◆ **Your instructions**
What you should repeat is the run of lines from the top of the listing below through the line with "рисунок складывается ощущение, будто", exactly, with no pictures.

◆ **Source material**
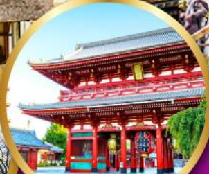
วัดอาซากุสะ
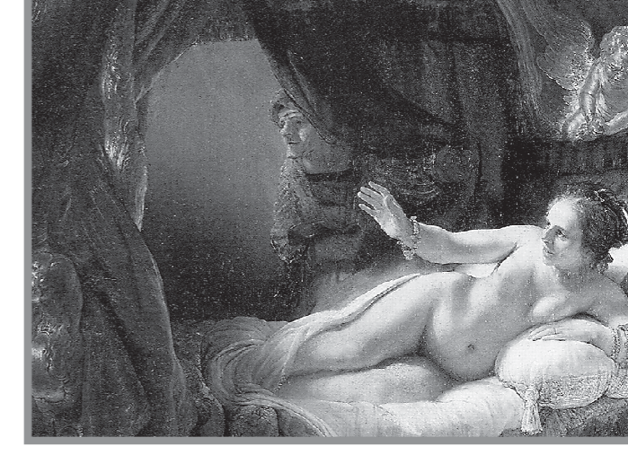
рисунок складывается ощущение, будто в помещении отсутствует несколько стен. А ведь Даная-то, по идее, была заточена в медном ящике, в подземелье, если что.

В этом году исполняется 380 лет с того дня, как великий нидерландский художник Рембрандт Харменсович ван Рейн начал рисовать свою не менее великую картину «Даная», которая сейчас хранится в етце более великом музее Эрмитаж, где её может лицезреть любой россиянин, включая скипидарцев!

◆ **Reply**
วัดอาซากุสะ
рисунок складывается ощущение, будто в помещении отсутствует несколько стен. А ведь Даная-то, по идее, была заточена в медном ящике, в подземелье, если что.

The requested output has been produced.